When we get to the setMethods, the dates will be changed as we set different values.

prototype
The prototype property is used to assign new properties and methods to instances of the Date object
See Date.prototype.customFormat(datestring) in javascript date object tutorial.
constructor
A reference to the function that created the instance of a Date object. Can be used to test if a variable is a Date.
if (myTime.constructor == Date) {}
parse(string)
The millisecond equivalent of the date specified in the correctly formatted string parameter.

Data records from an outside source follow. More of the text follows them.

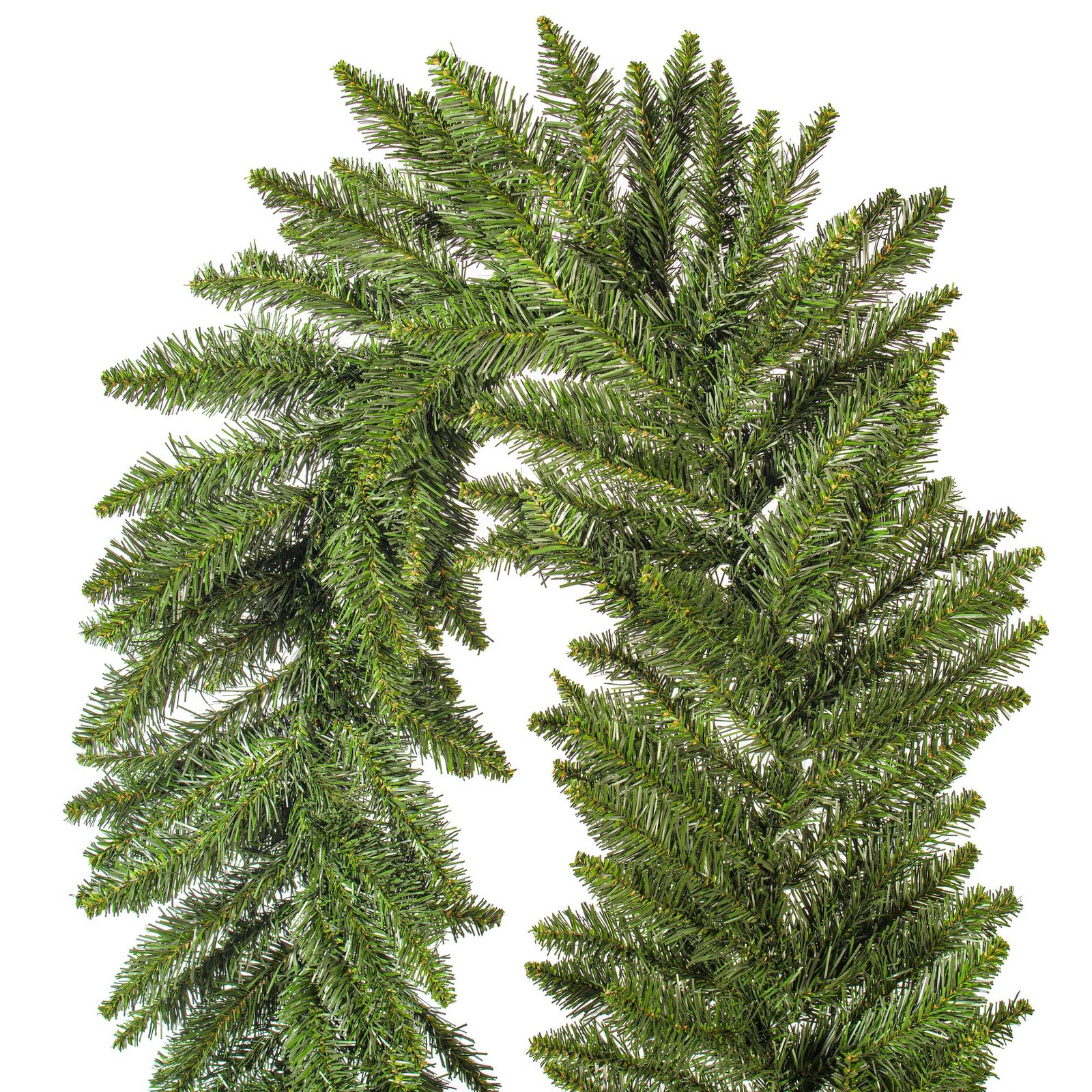 Vickerman 9′ x 14″ Camdon Fir Artificial Christmas garland with 260 PVC Tips. Wrap this plush garland around a banister or drape it over a mantle to create a cozy holiday feel. The Camdon series features a luscious blend of green PVC tips to create a full look. This beautiful garland comes unlit and can be customized with your favorite lights, ornaments, ribbons or Holiday picks. The cascading Christmas garland design gives a natural-looking Christmas garland feel, making it an attractive addition to your Christmas décor. Designed with a heavy-duty wire frame, this artificial garland maintains its shape. The dimensions of this garland are L108″ W14″ H14″. Flexible wire spine allows this garland to be shaped to fit your design. For additional complimentary accents see the many wreaths and trees available from Vickerman. This durable garland is maintenance free and will suit any decor. Vickerman has been an industry leader since 1940. Enjoy this expert designed seasonal garland around your home.
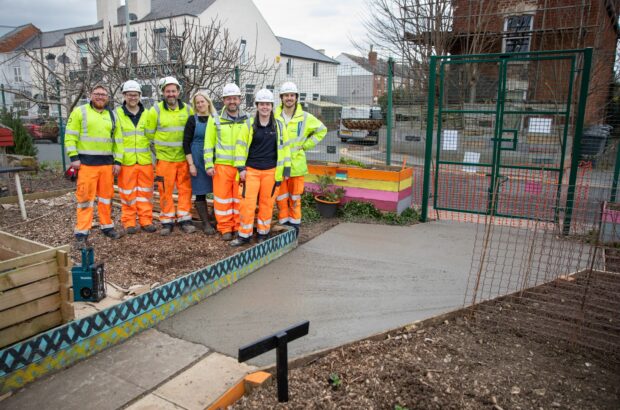 Ringway, the people in charge of Gloucestershire’s highways maintenance, spent a day at our allotment. Adam, Nick, Philippa, Alex and the rest of the team put in a new entrance to our allotment. There’s now a slope, meaning those who have difficulty with mobility find it easier to come in. They worked really hard and managed to get all the work done in one day, which was amazing.
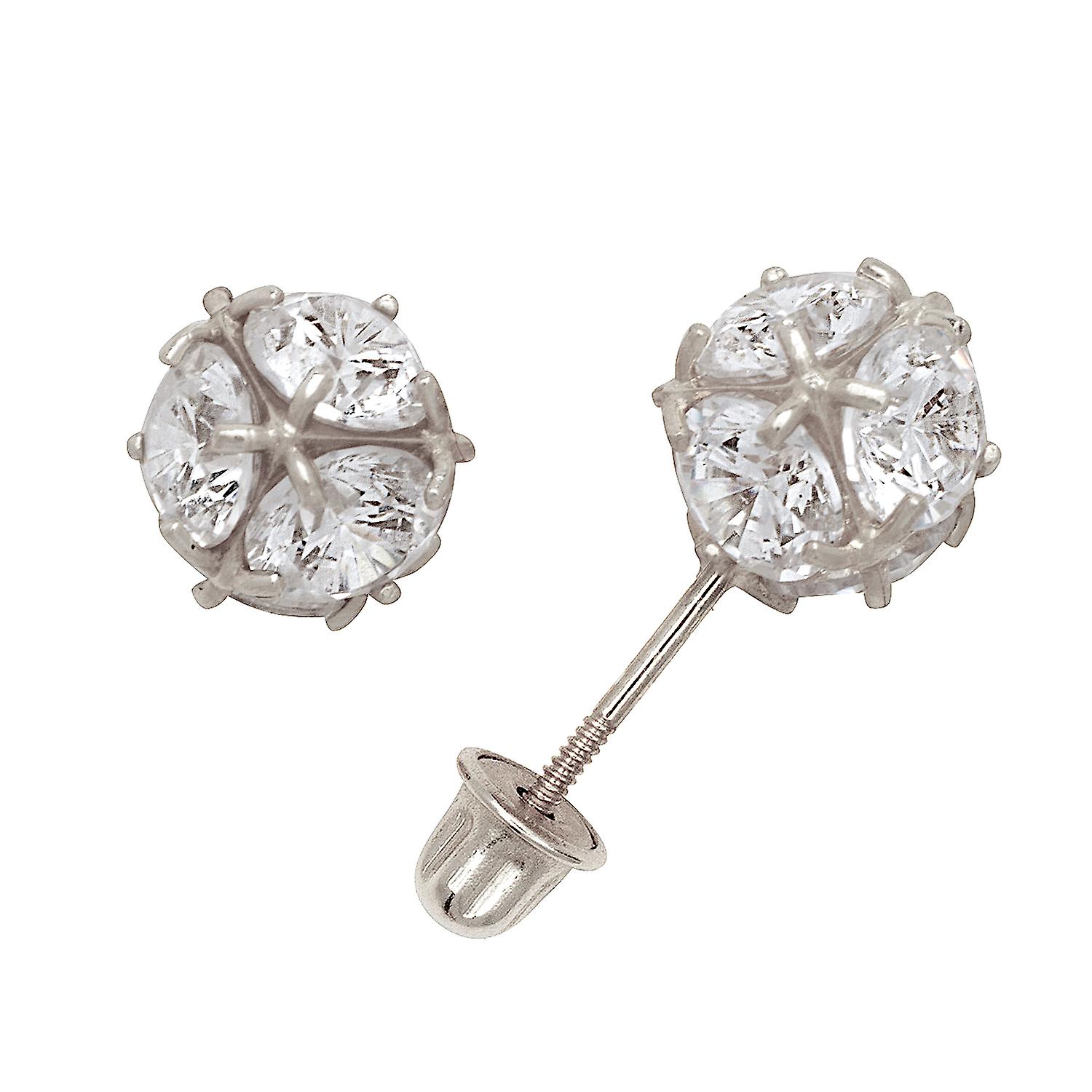 14k White Gold Cubic Zirconia Medium Disco Ball Screw Back Earrings 7x7mm-Ball Earring for Women
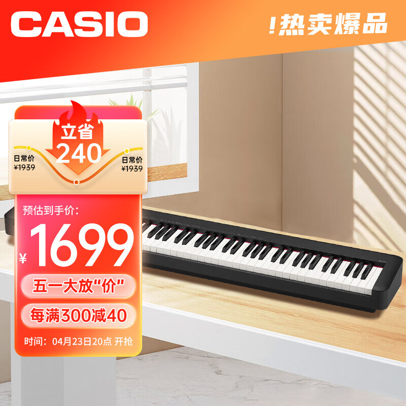 卡西欧(CASIO)电钢琴CDPS110黑色88键重锤数码电子钢琴时尚轻薄便携单机款价格:1939.00元!

UTC(year, month [, date, hours, minutes, seconds, ms])
Returns an integer — the UTC millisecond value of the date specified as parameters. The parameter values for the UTC() method must be in UTC time for the returned value to be accurate. This method does not generate a Date object. The Year and Month are required. The other parameters are optional. I have no clue why anyone would use this. Please let me know via comments. The difference between UTC and getTime(); may be the offset from GMT. I need to look more into this.
toString()
Returns a string value of the date. Different browsers return different strings, and usually the string value is returned in a format that is not suitable to return raw to the user.
toDateString()
Returns the date portion of an instance of a Date object as a string. The format is under the control of the browser, so I prefer the customFormat method.
toTimeString()
Returns the time portion of the instance of a Date object as a String. The format depends on the browser and language so I prefer the customFormat method.

toLocaleString()
Returns the local time zone value of both the date and time. The format may be localized, so this may be useful for internationalization. I prefer, again, to rely on an internationalized version of the customFormat, but I probably shouldn’t.
toLocaleDateString()
Returns the date portion of an instance of a Date object as a String. The format is based on the browser and language and differs between some browsers, so I prefer the customFormat method.

toLocaleTimeString()
Returns the time as a String, with the format controlled by the browser and language.
valueOf()
Returns the value of the instance of the date object as an integer in millisenconds from Jan. 1, 1970.
getTime()
Returns an integer — the number of milliseconds since January 1, 1970, to the date specified by the instance of the Date object. I do not know how this differs from valueOf()
getFullYear()
Returns an integer representing the actual year for the date. Use this instead of getYear()
getUTCFullYear()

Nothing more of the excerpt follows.